Late this summer, the Glynn County campus will expand its offerings with a paramedics program.
“Most of our students are non-traditional,” Hoover said. “They are adults with families, trying to pay the rent or the mortgage. They’re balancing
an awful lot,” she said. “Getting a job is most of our students’ primary goal,” Hoover said. Others will go on to further their educations. “To me, a technical college is a great blending of academic skills and occupational akills," she said.
Our graduates are guaranteed, which is something very important to our employers.” The college guarantees that a graduate has the skills that are part of a program guide. A graduate who an employer finds is lacking in a skill can be retrained for free. During the past 2009-2010 school year, 96.7 percent of Altamaha Technical College graduates found work.
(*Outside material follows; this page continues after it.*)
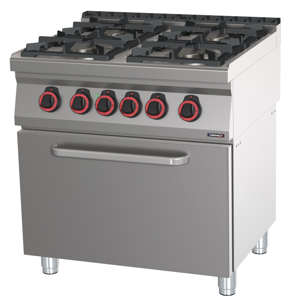 Fourneau gaz 4 feux avec four électrique statique GN 2/1 80

Students seeking new job skills typically complete certificate programs in six months or less, while earning a technical diploma usually takes at least a year. A full-time student working toward an associate degree will take two years.
Altamaha Technical College will have its own building in Glynn County by 2013, college officials say. The facility will be built adjacent to the Glynn County School System’s career academy at 4404 Glynco Parkway. The college also has campuses in Jesup, Baxley, Hazlehurst and Kingsland. It serves students from seven counties – Camden, Glynn, McIntosh, Appling, Jeff Davis, Long and Wayne.